Plasmid constructions.

Aldolase B-CAT constructs used have been previously described (9). Fig. 1A

presents a diagram of the aldolase B-CAT gene, indicating the main cis-acting

elements and cognate DNA binding proteins. The enhancer fragment (+1916

to 2329) was maintained in an intronic position, the splice sites are indicated

by the bold brackets. Fig. 1B shows the microinjected constructs indicating the

locations of the block mutations or deletions performed in the aldolase B

enhancer. Fig. 3 schematizes various constructs with deletions or mutations in

the promoter. Here, the enhancer fragment was subcloned in the Cla I site

located downstream of the CAT gene (8).

Generation and analysis of transgenic mice.

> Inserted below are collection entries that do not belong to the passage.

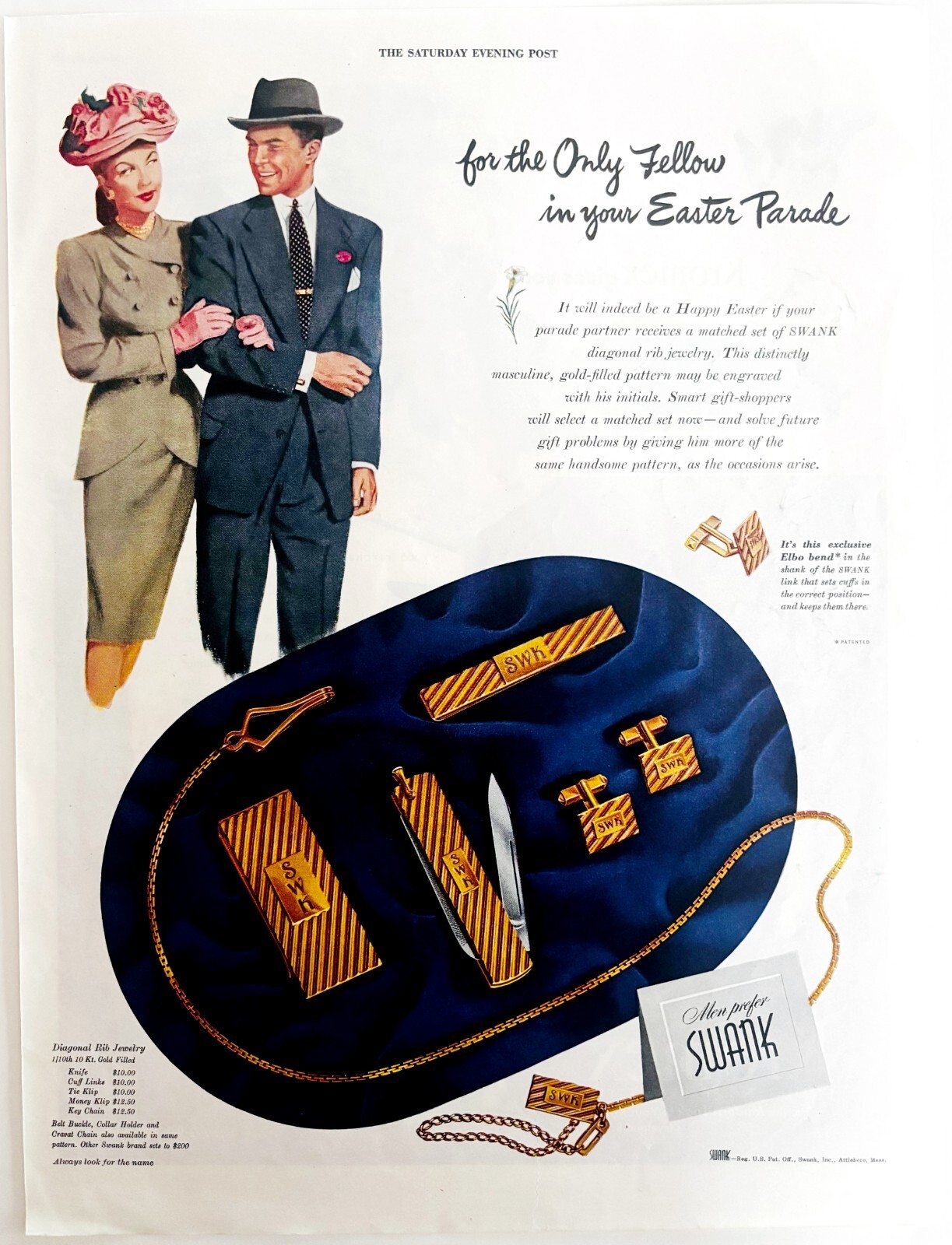 1947 Swank Diagonal Rib Jewelry Advertisement 10 Karat Gold Set Easter DWJJ21
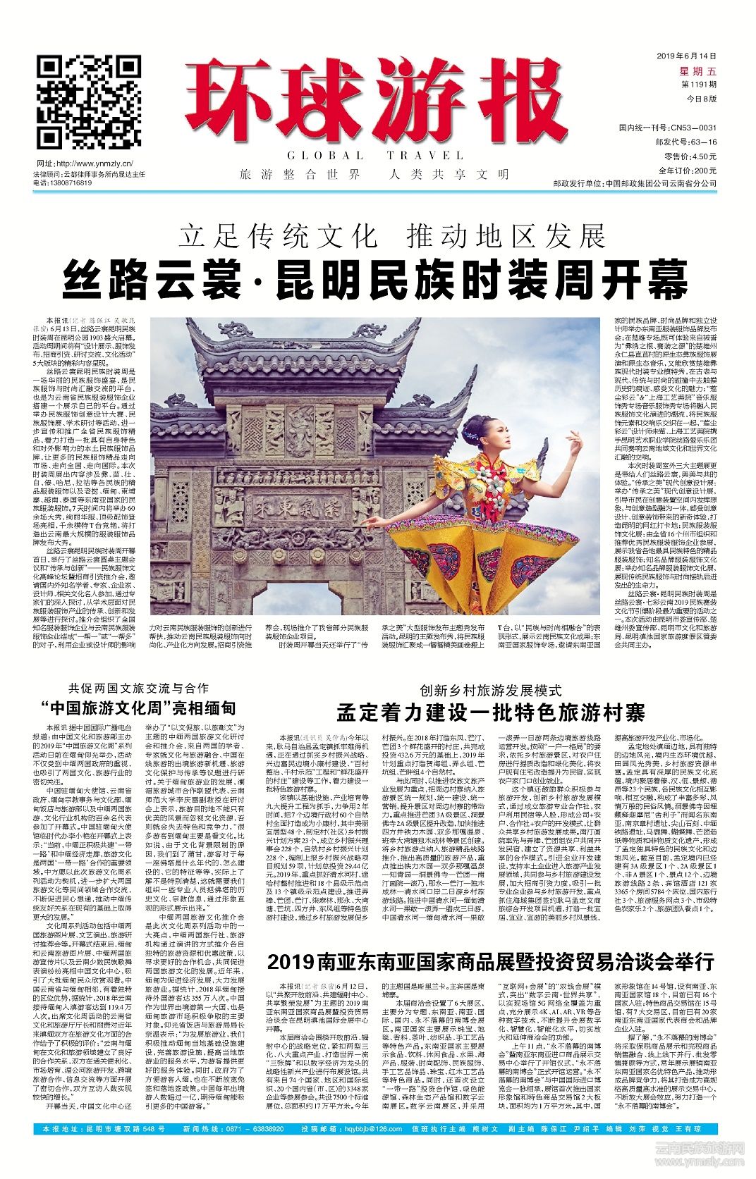 絲路云裳·昆明民族時裝周是絲路云裳·七彩云南2019民族賽裝文化節(jié)引爆階段最為重要的活動之一。本次活動由昆明市委宣傳部、楚雄州委宣傳部、昆明市文化和旅游局、昆明滇池國家旅游度假區(qū)管委會共同主辦。(文章來源環(huán)球游報2019年6月14日第1191期A1版)
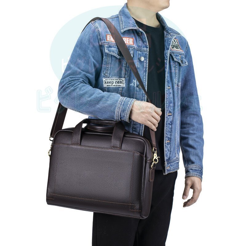 新品◆本革メンズ ビジネスバッグ 高級牛革 手提げ 通勤用 PC対応 14インチ収納 上質デザイン hw1415
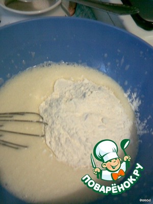 Всыпать муку, разрыхлитель, сметану, растительное масло и всё хорошо перемешать ложкой (желательно деревянной).

The DNA constructs were digested with restriction enzymes Cla I (cutting in 3’

in the vector) and Hind III (cutting in 5’ in the plasmid linker). The fragments of

interest were isolated by electrophoresis, electroeluted and purified by using

elutip-d columns (Schleicher and Schuell), then microinjected into fertilized

mouse eggs according to Gordon and Ruddle, (10). The progeny was

analyzed for the presence of the transgene by Southern blot.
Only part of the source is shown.